Джудит Гулд - Вторая любовь
— Вероятно, так, — пробормотала разом помрачневшая Венеция.
Она посмотрела мимо Дороти-Энн на крутой, почти вертикальный склон, где расположились открытые морю комнаты, спрятанные от глаз густой тропической растительностью. Только серебряные струи воды, падающие каскадом из одного бассейна в другой выдавали их расположение. Бриз шевелил гигантские листья и гонял тени и солнечные пятна. Суета на одной из террас испугала стайку попугаев. С криками ужаса они взлетели, сверкнув ослепительной радугой красок. Венеция увидела, как фуникулер с соломенной крышей начал медленное движение вниз по холму. Снабженный электрическим мотором и, следовательно, бесшумный, он не издавал ни звука.
Венеция Флуд снова посмотрела на своего босса.
— А как насчет цифр? — спросила она. — Ты обдумала, насколько повысить комиссионные?
Дороти-Энн покачала головой.
— Нет пока. Мне сначала хотелось посоветоваться с тобой. А ты?
Венеция громко выдохнула воздух.
— Детка, я вот что думаю. Это такая область, где я теряюсь. Повышение комиссионных влетит нам в круглую сумму, а туристические комплексы, которыми мы владеем, и так уже значительно потеряли в прибыли. Наш доход равен приблизительно… чему? Около восьми процентов?
Дороти-Энн кивнула.
— Что-то около этого. Ясно, он зависит от различных факторов. — Она начала считать на пальцах. — Количество. Класс путевки. Местность. За сколько дней забронирован тур… — Она подняла руки. — Это все непосредственно влияет на итог. Но я не скажу тебе ничего из того, чего бы ты заранее не знала.
— И восемь процентов сурово ограничивают нашу щедрость, — негромко подчеркнула Венеция.
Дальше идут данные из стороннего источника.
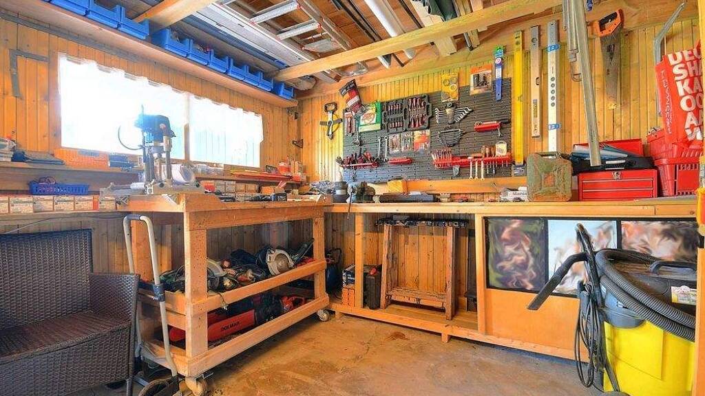 Ein massives Holzhaus mit voll ausgestatteter Partylocation sowie integrierter Werkstatt für Hobbyhandwerker - dazu ein praktischer Geräteschuppen.
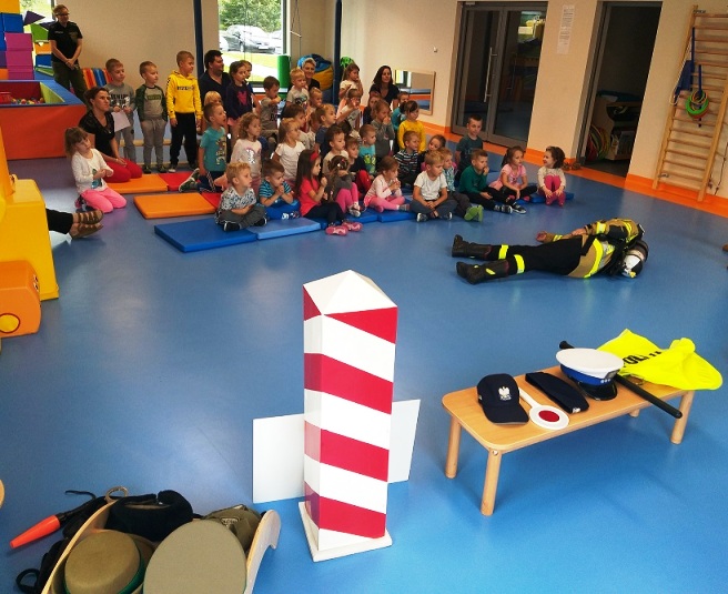 W pierwszej części spotkania zostały zaprezentowane stroje, w których policjanci pracują na co dzień. St. sierż. Anna Baluta przybliżyła dzieciom na czym polega praca policjanta, po czym skupiła się na zagadnieniu bezpieczeństwa dzieci. Najmłodsi z zainteresowaniem słuchali o tym, jak zachowywać się na drodze i w jej okolicy. W kolejnej części zajęć przedszkolaki poznały specyfikę służby funkcjonariuszy straży granicznej. Miały możliwość obejrzenia a nawet ubrania się w kamizelki kuloodporne, kaski i kajdanki. W trzeciej części spotkania strażacy nie tylko zaznajomili przedszkolaków z pracą strażaka, ale zademonstrowali tok postępowania podczas udzielania pierwszej pomocy w nagłych wypadkach.

— Не могу с этим спорить, — голос Дороти-Энн звучал почти совсем безжизненно. — Но так или иначе, нам необходимо немедленно начать выздоравливать, и побыстрее. Есть единственное лекарство. Мы должны добиться, чтобы пустовало менее, чем двадцать два процента мест. Это наша критическая точка. Иначе…
— Не продолжай, — мрачно прервала ее Венеция. — Мы по уши в дерьме.
— И все связано с объемом продаж, — продолжала Дороти-Энн. — И в этом-то весь фокус. Чем больше комнат мы сможем заполнить, тем щедрее будут наши комиссионные. И точно также, чем щедрее будут наши комиссионные, тем больше комнат мы должны занять.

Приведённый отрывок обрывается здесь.